Podcast Summary: This Week in Startups – “The best founders find a way to make it happen”: VC Roundtable with Bryan Kim and David Clark | E2222
Date: December 11, 2025
Host: Jason Calacanis (stepping into a commentator role, moderated by Alex)
Guests:
- Bryan Kim (Partner, Andreessen Horowitz)
- David Clark (Chief Investment Officer, VenCap International)
Episode Overview
This episode is a dynamic venture capital roundtable focusing on the current state of AI investing, startup fundraising environment, company exits, and the ever-evolving competitive landscape of tech and markets.
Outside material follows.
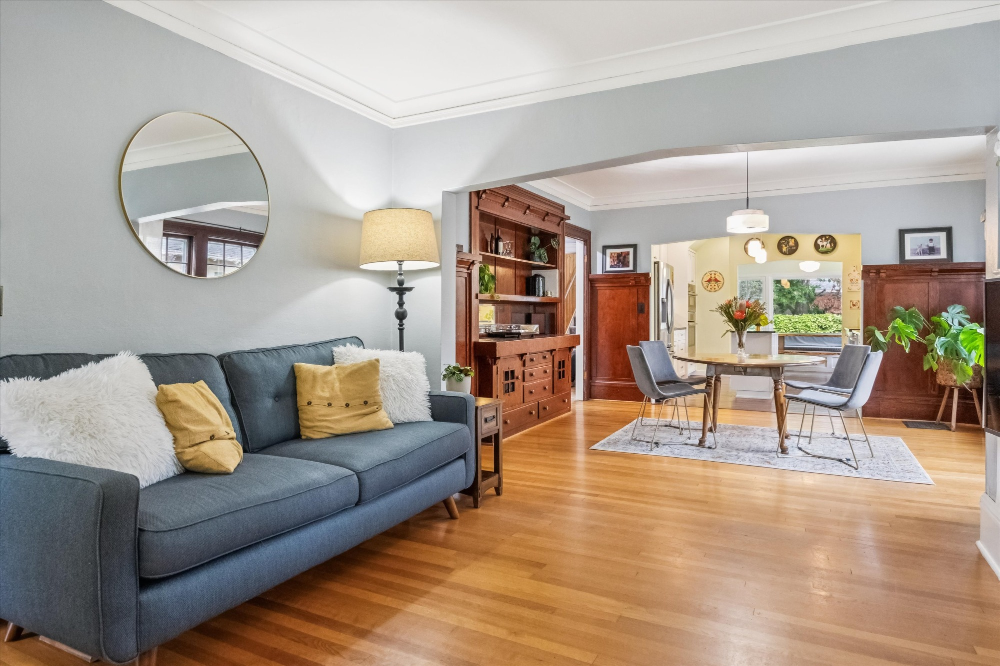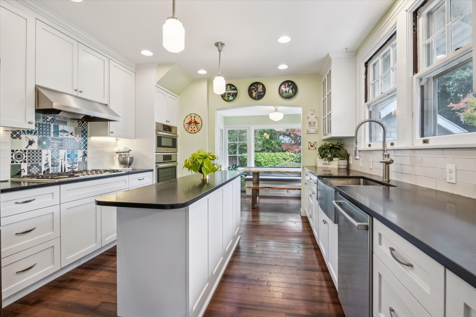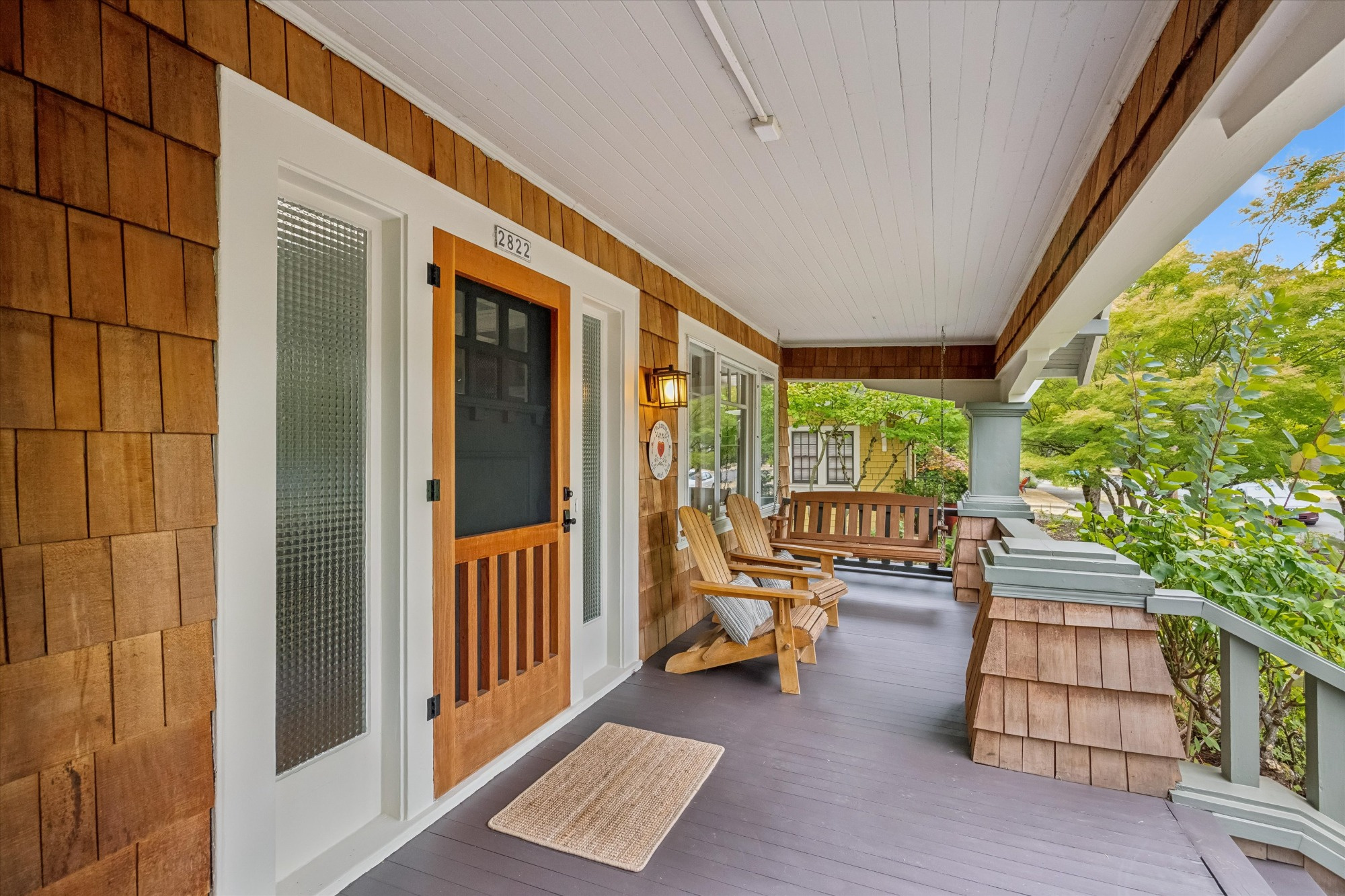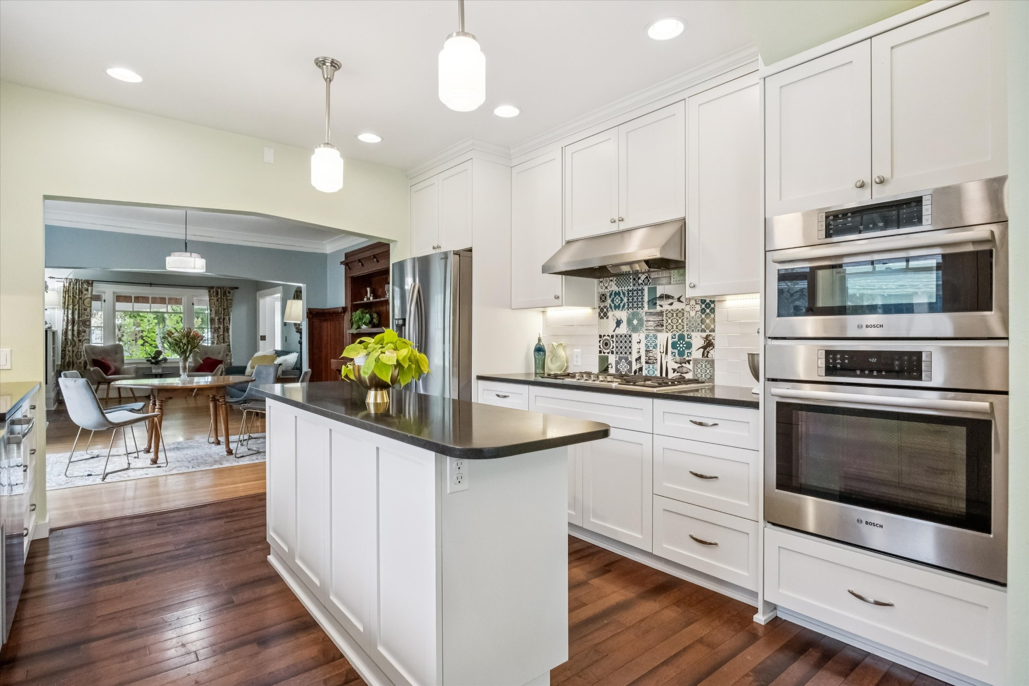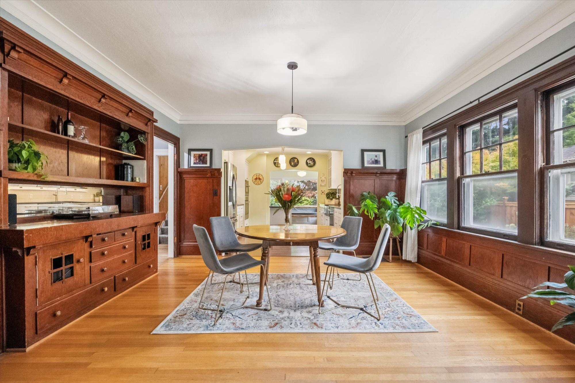 Charming Alameda bungalow with a front porch that dreams are made of and gorgeous stained cedar shake siding. The living room has a wood fireplace and gorgeous wood floors that continue through the rest of the main floor. The dining room features stained wood waincoating and trim. The updated kitchen is a chef's delight with an island, a plethora of storage and high-end Bosch appliances including the gas range. Ann Sacks tile and Schoolhouse Electric lighting in kitchen. Two bedrooms on the main floor with the primary suite upstairs is the perfect layout. The basement features a family room and the fourth (non-conforming) bedroom. Plus lots of storage. The fenced back yard and patio are perfect for summer entertaining. Oversized detached one car garage and private driveway. New roof in 2023. New carpet. Walk Score-84 and Bike Score-88.

Jason Calacanis, Bryan Kim, and David Clark explore critical issues such as whether AI is in a bubble, how valuations are set in this new era, what makes a defensible business, the emergence of new business models, and lessons from founder resilience. The guests also share firsthand insights into recent investments, portfolio strategy, and the future of tech IPOs and innovation.
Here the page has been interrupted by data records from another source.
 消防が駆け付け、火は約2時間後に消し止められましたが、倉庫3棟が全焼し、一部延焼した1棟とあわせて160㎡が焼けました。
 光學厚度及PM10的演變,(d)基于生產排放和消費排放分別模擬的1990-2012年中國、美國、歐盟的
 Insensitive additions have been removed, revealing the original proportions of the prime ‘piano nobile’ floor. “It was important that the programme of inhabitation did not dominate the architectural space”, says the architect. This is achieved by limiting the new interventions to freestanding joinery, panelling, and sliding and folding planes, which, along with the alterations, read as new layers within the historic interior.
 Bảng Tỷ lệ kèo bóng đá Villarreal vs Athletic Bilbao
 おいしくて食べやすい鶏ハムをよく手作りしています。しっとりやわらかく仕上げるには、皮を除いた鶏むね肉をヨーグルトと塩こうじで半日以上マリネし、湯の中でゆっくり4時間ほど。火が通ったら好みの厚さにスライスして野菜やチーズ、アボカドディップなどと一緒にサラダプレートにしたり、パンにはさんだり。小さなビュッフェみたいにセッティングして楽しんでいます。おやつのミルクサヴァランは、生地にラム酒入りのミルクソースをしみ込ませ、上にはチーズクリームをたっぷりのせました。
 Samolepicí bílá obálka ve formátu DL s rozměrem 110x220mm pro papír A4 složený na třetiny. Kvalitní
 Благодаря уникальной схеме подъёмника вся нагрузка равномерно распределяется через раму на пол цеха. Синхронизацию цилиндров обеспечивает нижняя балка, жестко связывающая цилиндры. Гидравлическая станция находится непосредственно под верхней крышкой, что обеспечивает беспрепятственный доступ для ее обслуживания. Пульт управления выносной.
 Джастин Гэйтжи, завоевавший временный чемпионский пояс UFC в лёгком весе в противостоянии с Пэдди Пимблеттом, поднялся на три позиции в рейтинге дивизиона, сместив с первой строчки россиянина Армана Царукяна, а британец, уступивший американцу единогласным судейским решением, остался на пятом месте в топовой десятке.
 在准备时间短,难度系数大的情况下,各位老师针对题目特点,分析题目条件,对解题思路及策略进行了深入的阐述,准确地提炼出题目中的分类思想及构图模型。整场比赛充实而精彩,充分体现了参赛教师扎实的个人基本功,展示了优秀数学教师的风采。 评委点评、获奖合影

Key Discussion Points & Insights
Are We in an AI Bubble?
- Bubble Characteristics & Context
- David Clark challenges the overuse of the term "bubble," urging for a more nuanced analysis based on historical precedents.
"People are using the term bubble, you know, pretty indiscriminately. If you look back at historical bubbles, they have specific characteristics...it seems pretty clear to us that we are not seeing these things being applied into the AI market today." — David (00:04, 39:29)
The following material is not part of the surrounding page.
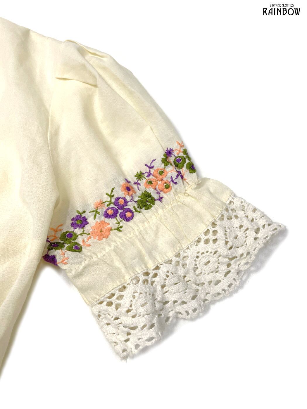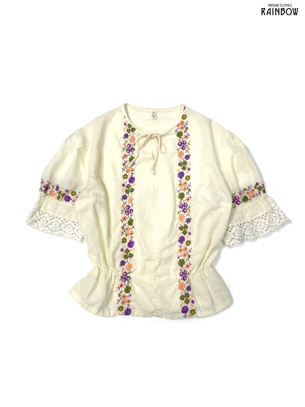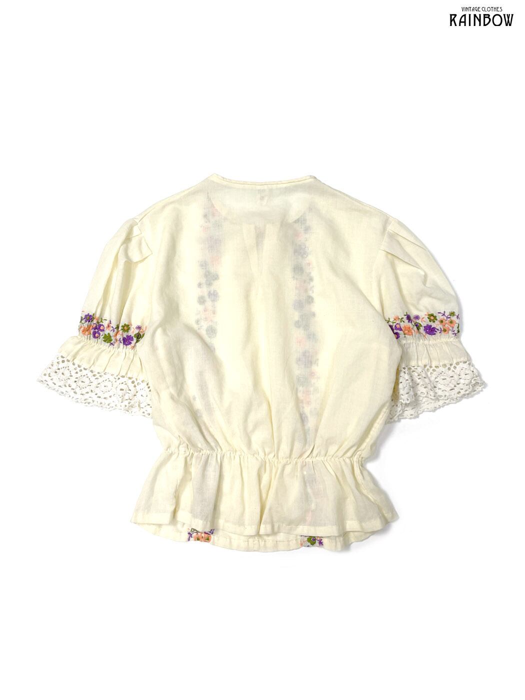 #ブラウス #bブラウス #ハーフスリーブ #黄 #花柄 #刺繍 #リボン #レース #ガーリー #コットン #刺繍シャツ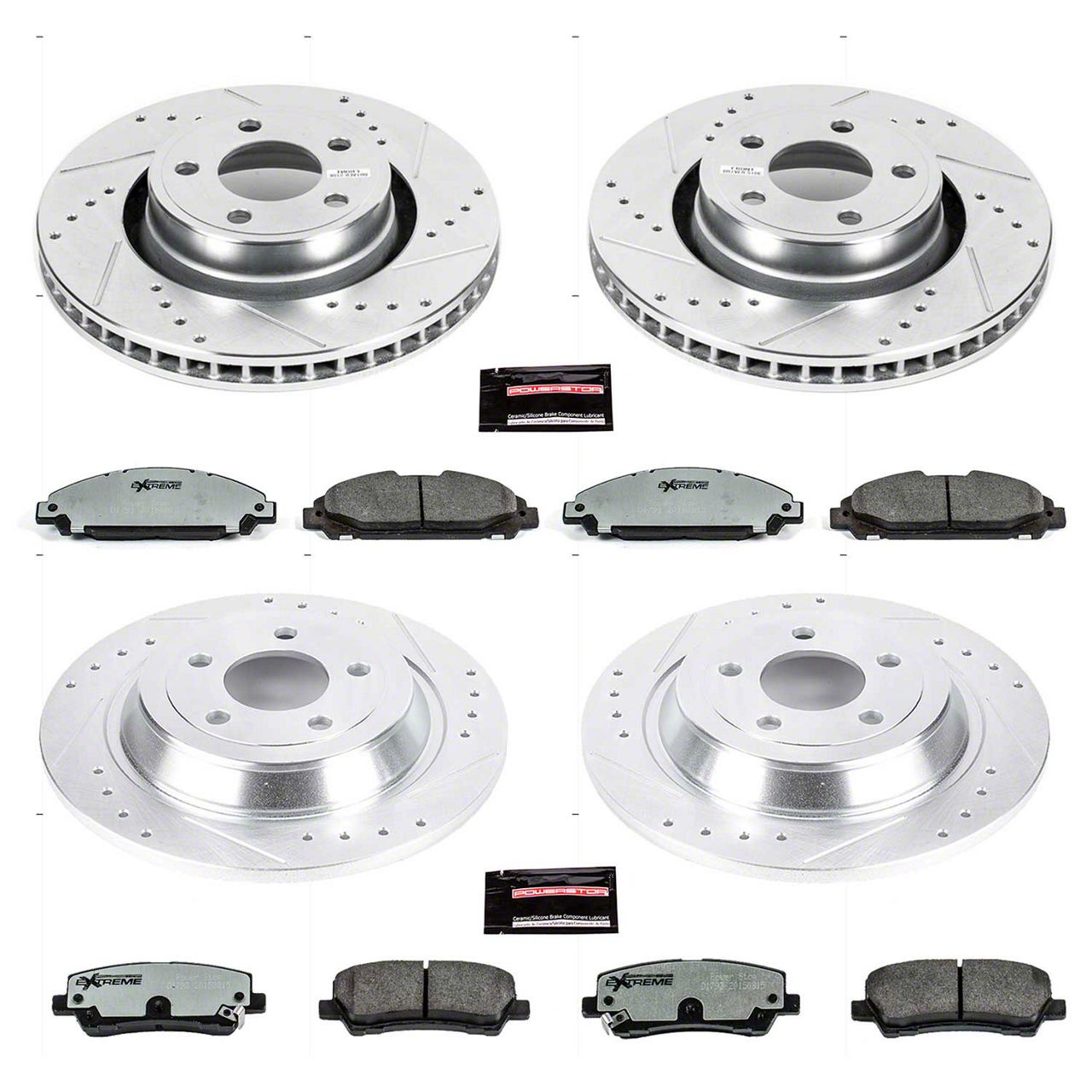 Complete Front and Rear Brakes. This PowerStop Z26 Street Warrior kit is a complete front and rear brake set. It includes 2 front rotors, 2 rear rotors, and front and rear brake pads. It also comes with all the hardware required for installation on your Mustang’s existing calipers.

- The market is “frothy” with high valuations, but these are largely supported by extraordinary growth rates and real user adoption.
- Distinction: Current AI boom is unique because the “installation phase” (infrastructure buildout) is occurring concurrently with the “deployment phase” (mass user adoption).
"This is almost the first time we've seen a technology paradigm where the installation phase...is happening simultaneous with the deployment phase..." — David (00:52)
- David Clark challenges the overuse of the term "bubble," urging for a more nuanced analysis based on historical precedents.
Case Study: Andreessen's Series A into Oboe (AI-driven learning)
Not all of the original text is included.